# EXERCISE INSTRUCTIONS
From the first line to the last, copy the listing exactly and omit the images.
** Opening AVAILABLE DATA block **
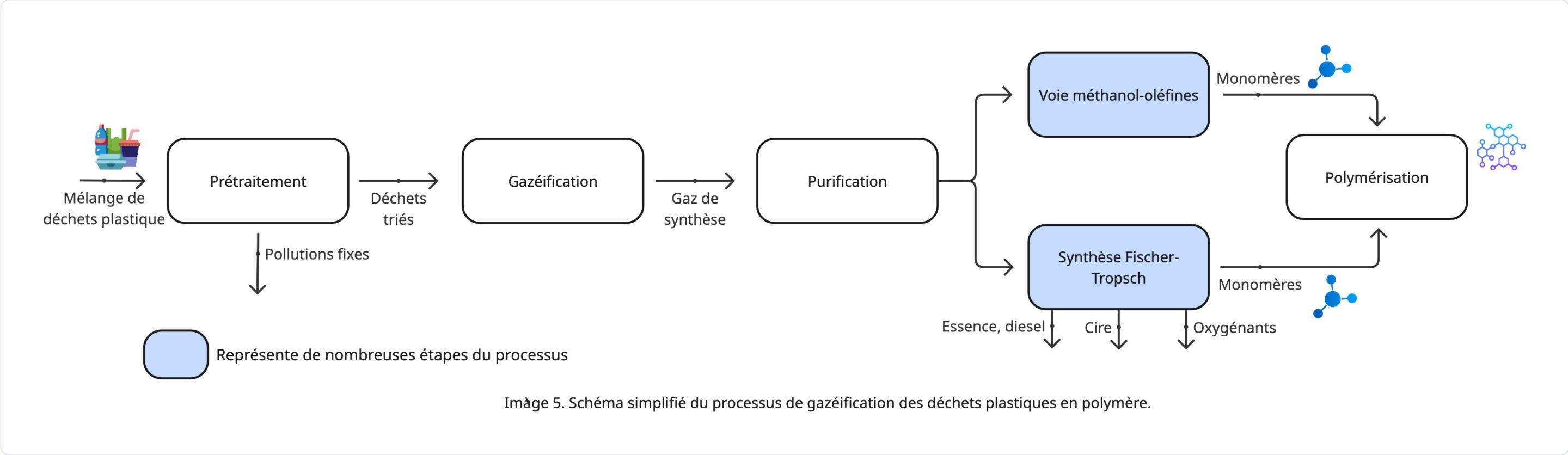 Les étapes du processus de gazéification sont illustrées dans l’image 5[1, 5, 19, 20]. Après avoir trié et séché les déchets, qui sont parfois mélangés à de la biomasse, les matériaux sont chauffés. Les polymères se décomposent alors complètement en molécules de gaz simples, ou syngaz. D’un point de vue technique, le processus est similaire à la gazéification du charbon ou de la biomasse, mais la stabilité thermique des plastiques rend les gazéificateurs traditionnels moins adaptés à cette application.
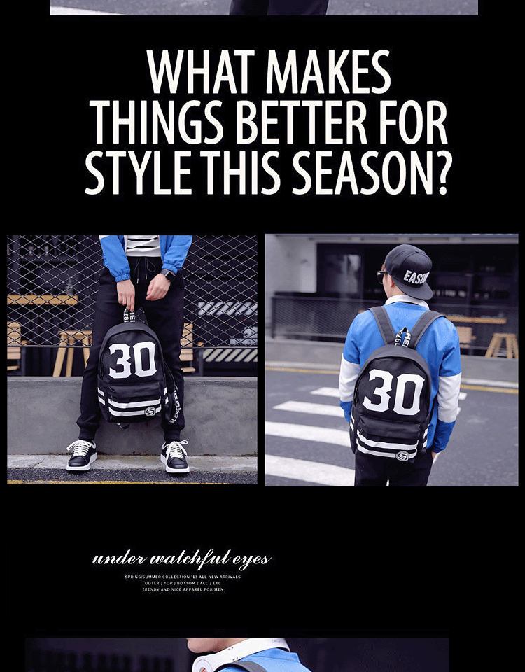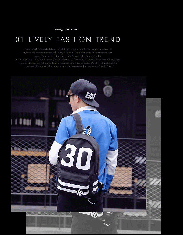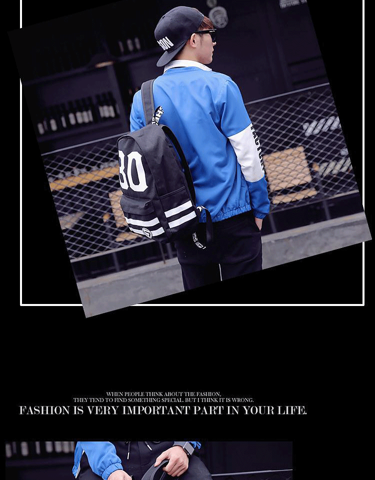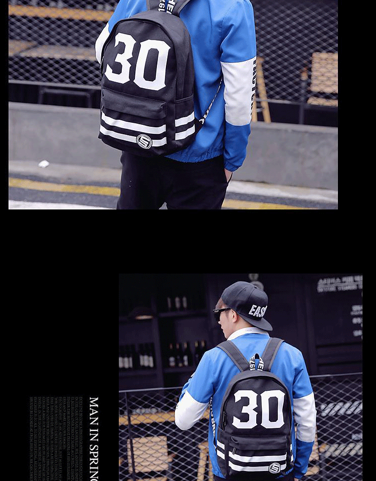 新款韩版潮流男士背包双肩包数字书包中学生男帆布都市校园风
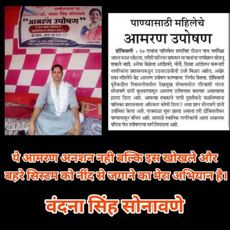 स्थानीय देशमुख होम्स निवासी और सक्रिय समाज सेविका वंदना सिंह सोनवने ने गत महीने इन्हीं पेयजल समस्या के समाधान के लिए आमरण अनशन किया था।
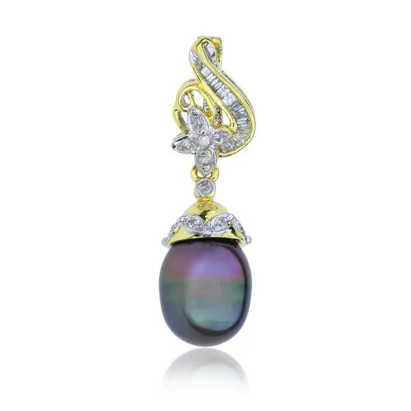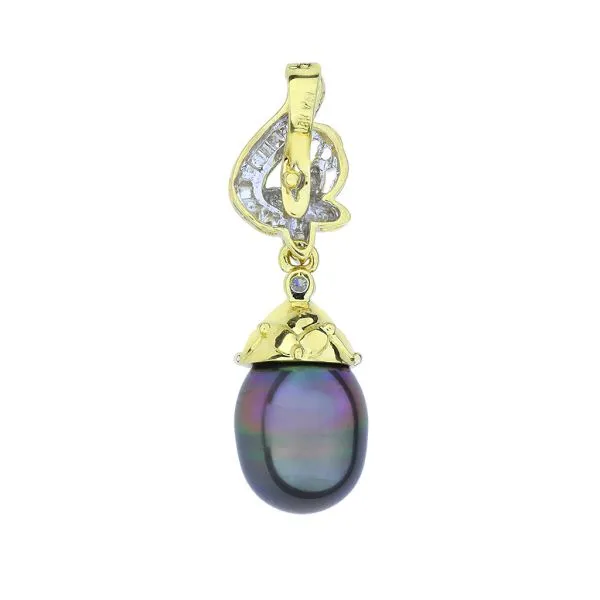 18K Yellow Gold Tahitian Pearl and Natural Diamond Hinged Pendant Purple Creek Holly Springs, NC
** Closing AVAILABLE DATA block **
# TASK SOLUTION
 Les étapes du processus de gazéification sont illustrées dans l’image 5[1, 5, 19, 20]. Après avoir trié et séché les déchets, qui sont parfois mélangés à de la biomasse, les matériaux sont chauffés. Les polymères se décomposent alors complètement en molécules de gaz simples, ou syngaz. D’un point de vue technique, le processus est similaire à la gazéification du charbon ou de la biomasse, mais la stabilité thermique des plastiques rend les gazéificateurs traditionnels moins adaptés à cette application.
 新款韩版潮流男士背包双肩包数字书包中学生男帆布都市校园风
 स्थानीय देशमुख होम्स निवासी और सक्रिय समाज सेविका वंदना सिंह सोनवने ने गत महीने इन्हीं पेयजल समस्या के समाधान के लिए आमरण अनशन किया था।
 18K Yellow Gold Tahitian Pearl and Natural Diamond Hinged Pendant Purple Creek Holly Springs, NC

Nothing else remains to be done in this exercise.